The European Union will apply 25% “rebalancing” tariffs on a range of products imported from the U.S., including seven categories of fasteners, effective June 22, Fastener + Fixing Magazine reports.

The list of products include seven fastener CN codes:

  • 73181410– self tapping screws of iron or steel, other than stainless (not woodscrews)
  • 73181491– Spaced-thread screws or iron or steel, other than stainless
  • 73181499– Self tapping screws of iron or steel other than stainless
  • 73181640– Blind rivet nuts of iron or steel, other than stainless
  • 73181660– Self-locking nuts of iron or steel other than stainless
  • 73181699– Nuts of iron or steel, other than stainless, with inside diameter <=12mm
  • 73181699– Nuts of iron or steel, other than stainless, with inside diameter >12mm

The tariffs are in response to the Section 232 tariffs applied by President Donald Trump to steel and aluminum on the grounds of national security. Announced in March, the tariffs were applied to U.S. allies, including Canada, Mexico, and the EU, on June 1 after an initial month-long exemption.

The rules of international trade, which we have developed over the years hand in hand with our American partners, cannot be violated without a reaction from our side,” stated EU Commissioner for Trade Cecilia Malmström.

The EU measures, worth a collective EUR 6.4 billion, will be effective “for as long as the U.S. measures are in place, in line with the WTO Safeguards Agreement and EU legislation,” according to Fastener + Fixing. Canada and Mexico have also announced tariffs on a range of products, though at this time none of those measures appear to specifically target fasteners.

“Needless to say, if the U.S. removes its tariffs, our measures will also be removed,” noted Malmström.

The 232 tariffs have been condemned by Senate Republicans and Democrats, who expressed concerns about costs passed on to manufacturers and consumers by higher-priced metals, according to CNBC.

“These tariffs do not support U.S. national security,” Finance Committee Chairman Sen. Orrin Hatch, R-Utah, said. “Instead, they harm American manufacturers, damage our economy, hurt American consumers and disrupt our relationship with long-term allies while giving China a free pass.”
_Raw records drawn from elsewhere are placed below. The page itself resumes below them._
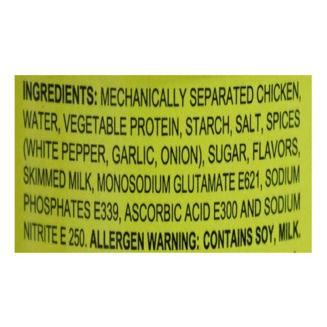 ingredients : Mechanically Separated Chicken, Water, Vegetable Protein, Starch, Salt, Spices (White Pepper, Garlic, Onion), Sugar, Flavors, Skimmed Milk, Monosodium Glutamate E621, Sodium Phosphates E339, Ascorbic Acid E300 And Sodium Nitrite E250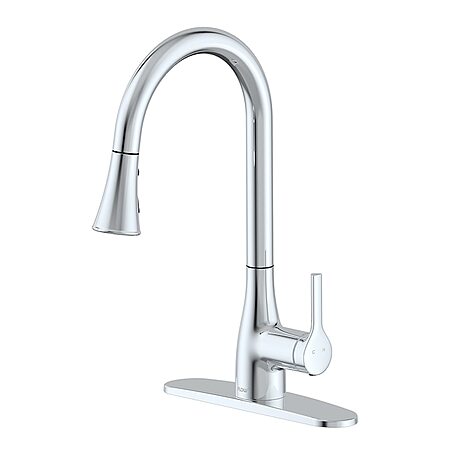 Lowes [lowes.com] has FLOW Brushed Nickel Single Handle Deck-mount Pull-down Kitchen Faucet with Sprayer & Deck Plate (Chrome) on sale for $99. Shipping is free.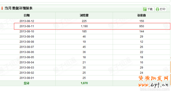 這個是活動當天的流量來源,大家可以看看,有了天天特價的推廣加入,顯著的對比效果是多么明顯,可見,天天客家對于我們小賣家來說是多么重要的一個武器與優勢,大家利用得好完全可以跟某些大店鋪有的一拼了。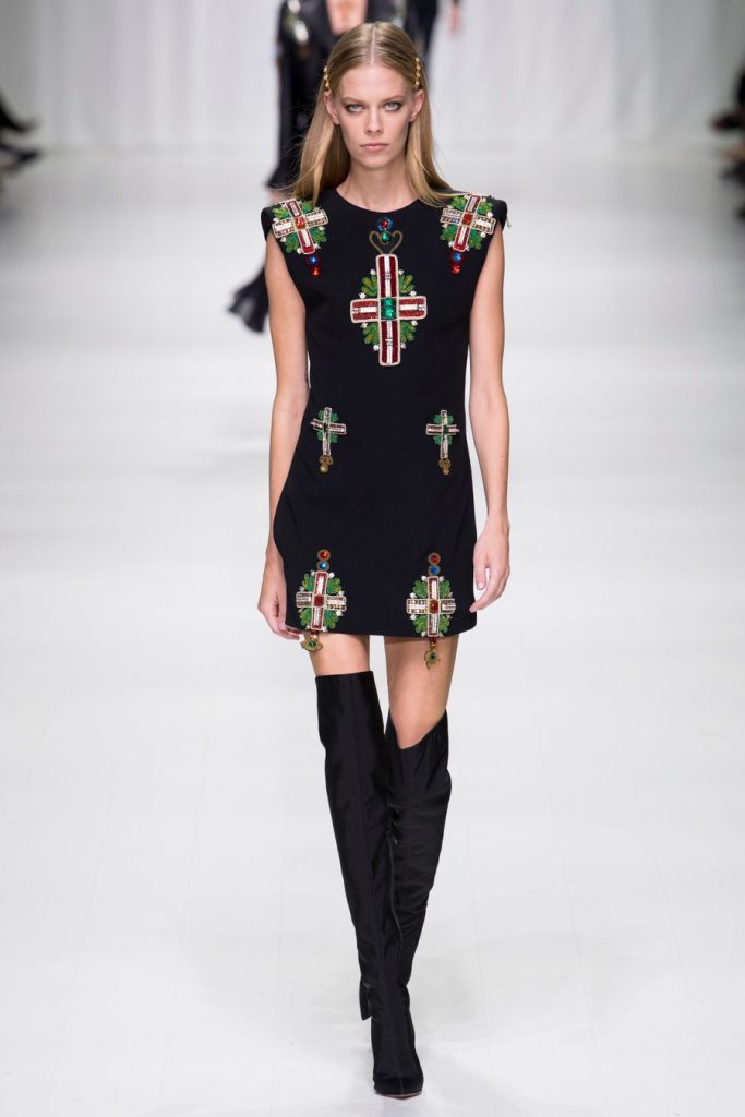Though I’m not the biggest Versace fan, this collection is pretty special. This collection marked the 20th anniversary of the tragic death of Gianni Versace, This was Donatella’s best collection since then, mainly because it was a revisit of Gianni’s iconic looks. She did celebrate him in the most beautiful way possible. She might not be my favorite creative director but she is a brilliant businesswoman. The show was a beauty, all Versace’s most memorable looks and moments. The show ended with the 5 original supermodels Naomi Campbell, Cindy Crawford, Carla Bruni, Claudia Schiffer, and Helena Christensen in gold dresses. Donatella recreated the looks wonderfully and is definitely a favorite Versace show for times to come.

But there is no sign that the Trump administration intends to abandon the tariffs. In fact, Trump continues to tout his administration’s approach to global trade.

“One thing no one talks about are the money pouring into the treasury,” he stated. “These tariffs are billions and billions of dollars.”

The Trump administration has collected more than $775 million from the metals tariffs since they were imposed in March, Bloomberg reports. The total is expected to exceed $1 billion with the next six weeks.

In a June 21 interview with CNBC, Commerce Secretary Wilbur Ross downplayed the tariffs, “saying they would not have a huge impact on product prices and the overall economy,” Reuters reports.

Lawmakers and business leaders have also criticized what they called “a confusing and damaging Trump administration process of imposing tariffs,” CNBC reports.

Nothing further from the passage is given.